WORK TO COMPLETE —
Exact reproduction of all the data is required, with pictures excluded.

(Saved data entries)

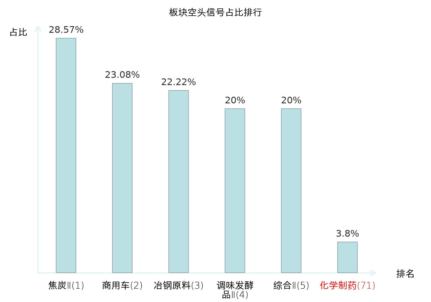 全市场所有行业板块中主力空头信号占比排名中,焦炭Ⅱ板块位居第一。铁路公路板块名次提升最快,较昨日上升109位。
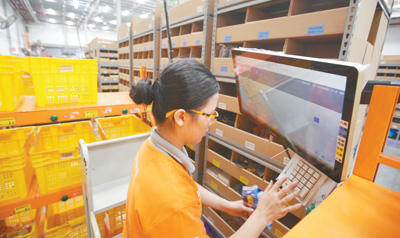 圖為11月12日,在菜鳥網絡廣東惠陽超級機器人倉,工作人員正在操縱機器人分揀線。以往一個揀貨員一天走六七萬步只能揀貨1000多件,在機器人的幫助下,一個揀貨員一天只走兩三千步,揀貨數量卻是原來的3倍多。 |
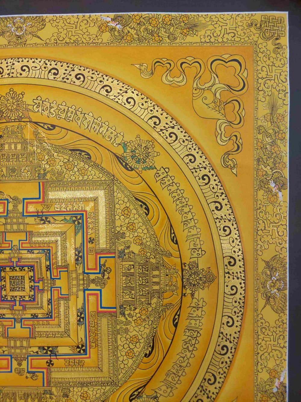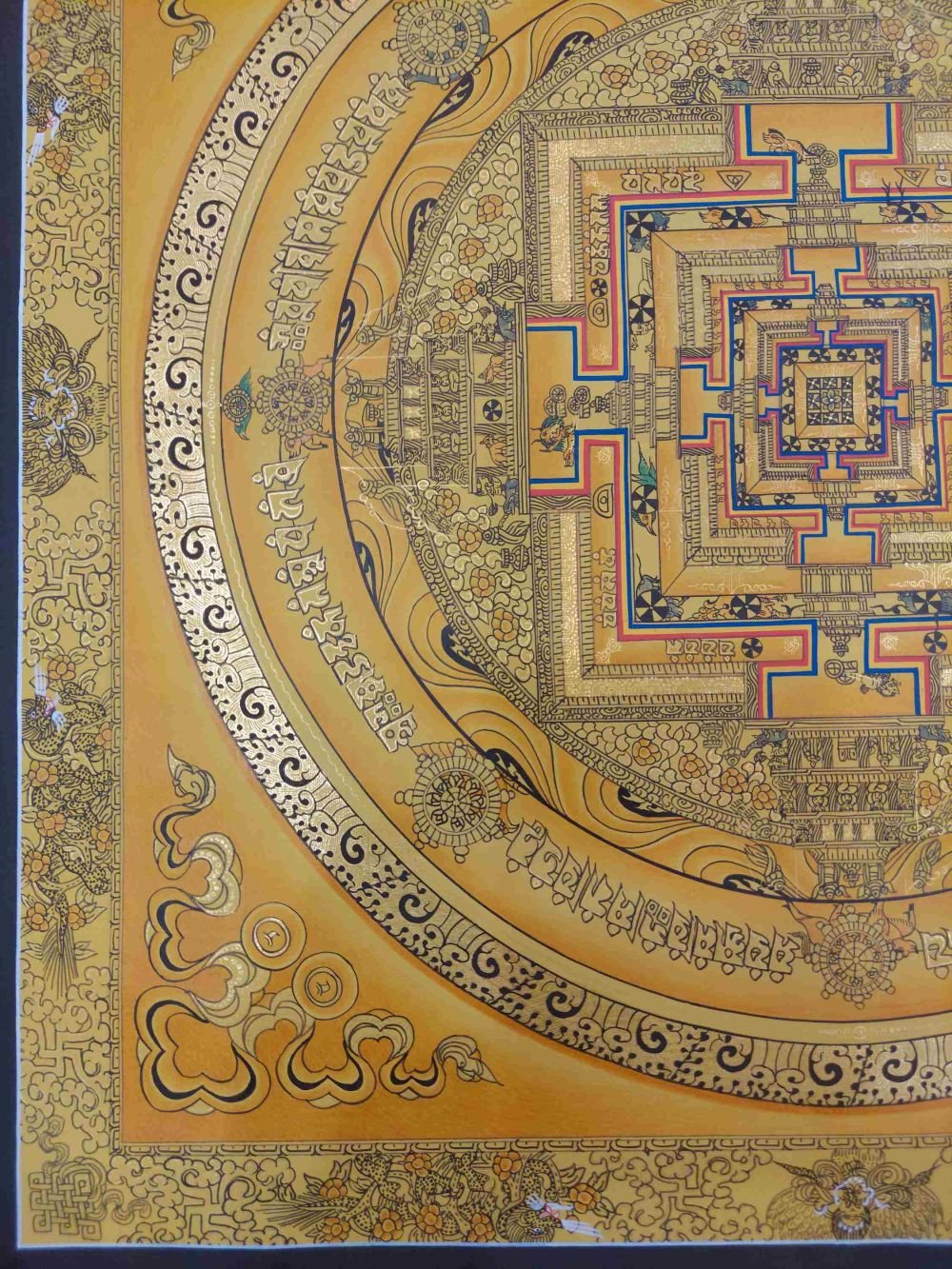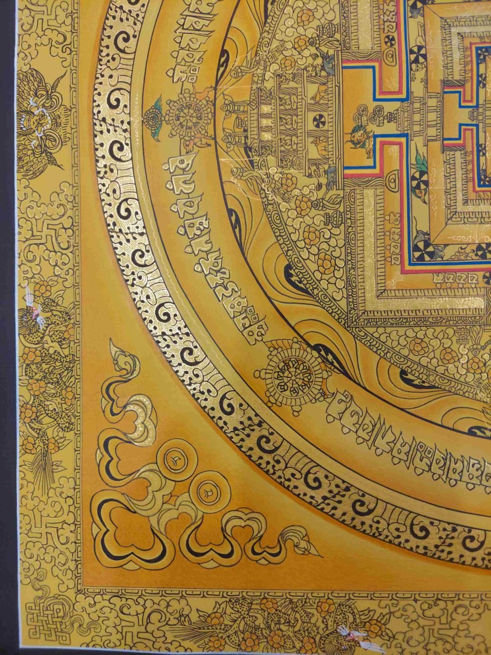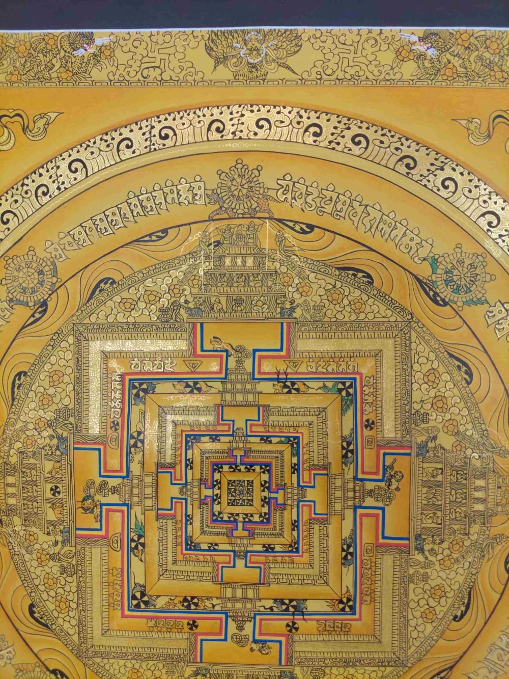 Buddhist Hand Painting Thangka of Kalachakra Mandala Hand Painted, Real Gold, Lamas Art |
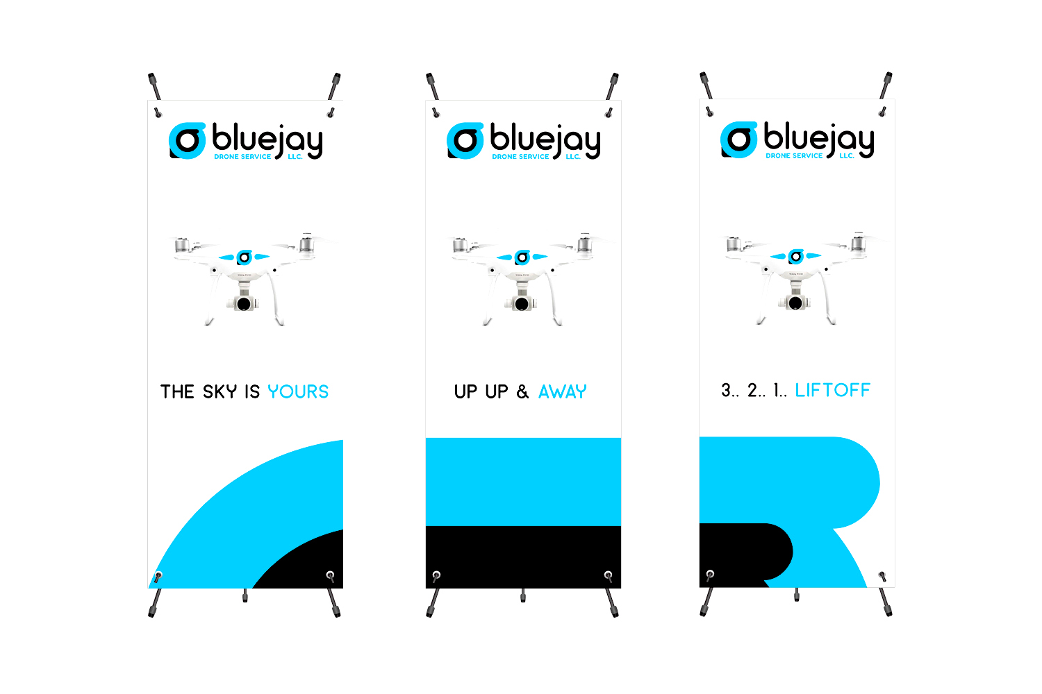 Bluejay drones is a drone service and repair company. The logo is a combination of the letter "a" from the word "bluejay". This creates a more consistent feel and connection between the logo and the company's name. Because the logo and company name are visually similar the two can be used interchangeably without loosing brand recognition.
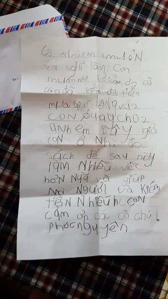 Mẹ của Phúc Nguyên cho biết, cậu đã rất cố gắng để viết bức thư: “Phúc Nguyên mới chỉ biết mặt chữ cái và biết đọc. Việc ghép các chữ cái để ra những ý trong đầu con rất khó khăn. Con đã làm đi làm lại. Lúc nào con nản, con cầu cứu mẹ, mình lại nói với con: “Nếu con không cố gắng viết xong bức thư này, con sẽ không mang sang gửi cô được đâu”. Vậy là bạn ấy là ngồi viết. Chỉ mấy câu thôi nhưng mất tới 2 ngày. Xong, bạn ấy hớn hở xin phép mẹ đạp xe đến đưa thư cho cô chủ quán”.

ANSWER SPACE —
 全市场所有行业板块中主力空头信号占比排名中,焦炭Ⅱ板块位居第一。铁路公路板块名次提升最快,较昨日上升109位。
 圖為11月12日,在菜鳥網絡廣東惠陽超級機器人倉,工作人員正在操縱機器人分揀線。以往一個揀貨員一天走六七萬步只能揀貨1000多件,在機器人的幫助下,一個揀貨員一天只走兩三千步,揀貨數量卻是原來的3倍多。 |
 Buddhist Hand Painting Thangka of Kalachakra Mandala Hand Painted, Real Gold, Lamas Art |
 Bluejay drones is a drone service and repair company. The logo is a combination of the letter "a" from the word "bluejay". This creates a more consistent feel and connection between the logo and the company's name. Because the logo and company name are visually similar the two can be used interchangeably without loosing brand recognition.
 Mẹ của Phúc Nguyên cho biết, cậu đã rất cố gắng để viết bức thư: “Phúc Nguyên mới chỉ biết mặt chữ cái và biết đọc. Việc ghép các chữ cái để ra những ý trong đầu con rất khó khăn. Con đã làm đi làm lại. Lúc nào con nản, con cầu cứu mẹ, mình lại nói với con: “Nếu con không cố gắng viết xong bức thư này, con sẽ không mang sang gửi cô được đâu”. Vậy là bạn ấy là ngồi viết. Chỉ mấy câu thôi nhưng mất tới 2 ngày. Xong, bạn ấy hớn hở xin phép mẹ đạp xe đến đưa thư cho cô chủ quán”.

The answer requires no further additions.